Elastic Device Mesh Configuration

Environment VariableDescriptionDefault Value
ZERO_BAND_LOG_LEVELEnable debug mode for logeFalse
ZERO_BAND_GLOBAL_STORE_TIMEOUT_SECONDSNumber of seconds before the global store operations timeout300
ZERO_BAND_GLOBAL_PG_TIMEOUT_SECONDSNumber of seconds before the global process group operations timeout600
ZERO_BAND_GLOBAL_STORE_POLLING_INTERVAL_SECONDSNumber of seconds between polls to the store when waiting for values0.1
ZERO_BAND_EDM_HEARTBEAT_INTERVAL_SECONDSInterval in seconds between heartbeats2
ZERO_BAND_EDM_HEARTBEAT_TIMEOUT_SECONDSTime in seconds after which a node is considered dead if no heartbeat is received10
ZERO_BAND_LIVE_RECO_PORTPort number for the live recovery serverrandom
ZERO_BAND_LIVE_RECO_ADDRIP Address for the live recovery serverlocalhost

Troubleshooting

If you encounter any dataset loading errors at the beginning of training, try setting:

export HF_HUB_ETAG_TIMEOUT=500

Pre-downloading datasets

Streaming datasets from huggingface hub can sometimes result in http 443 errors which will crash the training process. To avoid them, you can pre-download the dataset.

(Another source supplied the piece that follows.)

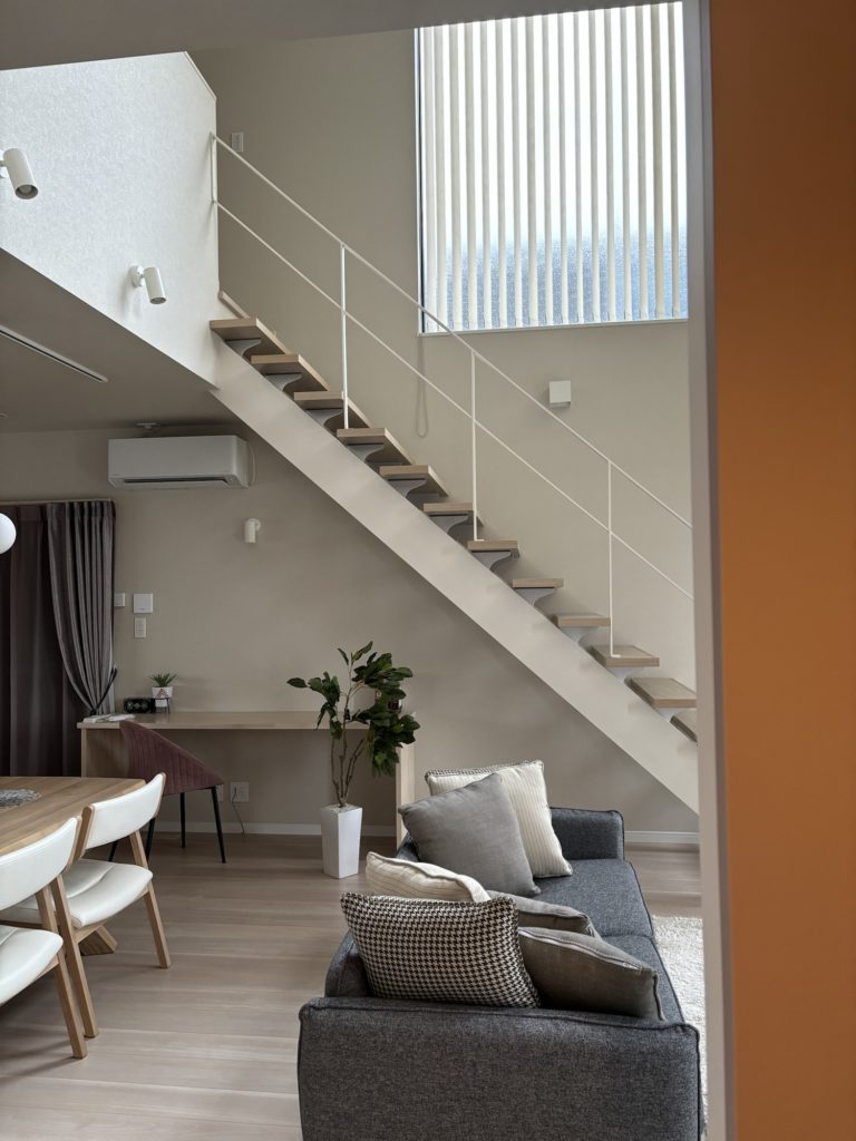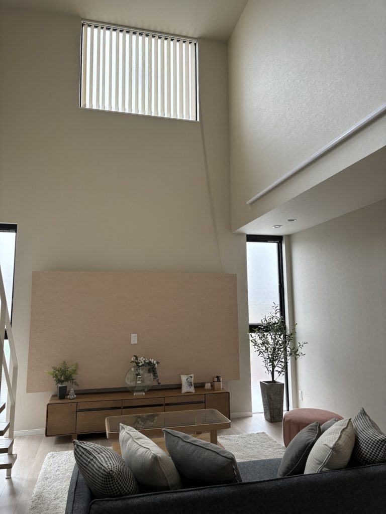 リビングのカーテンは赤みのあるグレーの建具に合わせています。

Here is an example that downloads all the files in PrimeIntellect/fineweb-edu which are used by data_rank 5 in a training with data_world_size of 12.

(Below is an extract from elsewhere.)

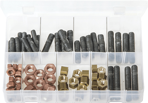 5 x Studs (Size x Pitch x Length): M8 x 1.25 mm x 37 mm, M10 x 1.25 x 37 mm, M10 x 1.50 mm x 38 mm, M10 x 1.50 mm x 52 mm, M10 x 1.50 mm x 55 mm.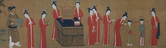 《韩熙载夜宴图》描绘了官员韩熙载家设夜宴载歌行乐的场面,绘写的就是一次完整的韩府夜宴过程,即琵琶演奏、观舞、宴间休息、清吹、欢送宾客五段场景。

python3 scripts/subset_data.py --dataset_name PrimeIntellect/fineweb-edu --data_world_size 12 --data_rank 5

For info about the arguments to the script, do:

python3 scripts/subset_data.py --help

Exporting checkpoints to huggingface compatible model

You can convert the checkpoints saved by the training script to a model that can be run with any huggingface-compatible inference engine (e.g. transformers, vLLM) using our export script. The export script takes the training config as a positional argument and 2 keyword arguments, ckpt.resume which is the path to the checkpoint, ckpt.path which is the path you wish to save the converted model. You may also pass the torch_dtype argument to either float32 or bfloat16 to specify the precision of the exported model weights. The default torch_dtype is float32.

Example export command:

python scripts/export_dcp.py @configs/10B/H100.toml --ckpt.path /path/to/save/converted_model --ckpt.resume /path/to/ckpt/step_84000 --torch_dtype bfloat16

You can then upload the model to huggingface using huggingface-cli:

# Usage:  huggingface-cli upload [repo_id] [local_path] [path_in_repo]
huggingface-cli upload username/mymodel /path/to/save/converted_model . --private

The repo will be created if repo_id does not exist. The --private will create the repo as a private repo and cab ne ommited to create a publicly accessible repo.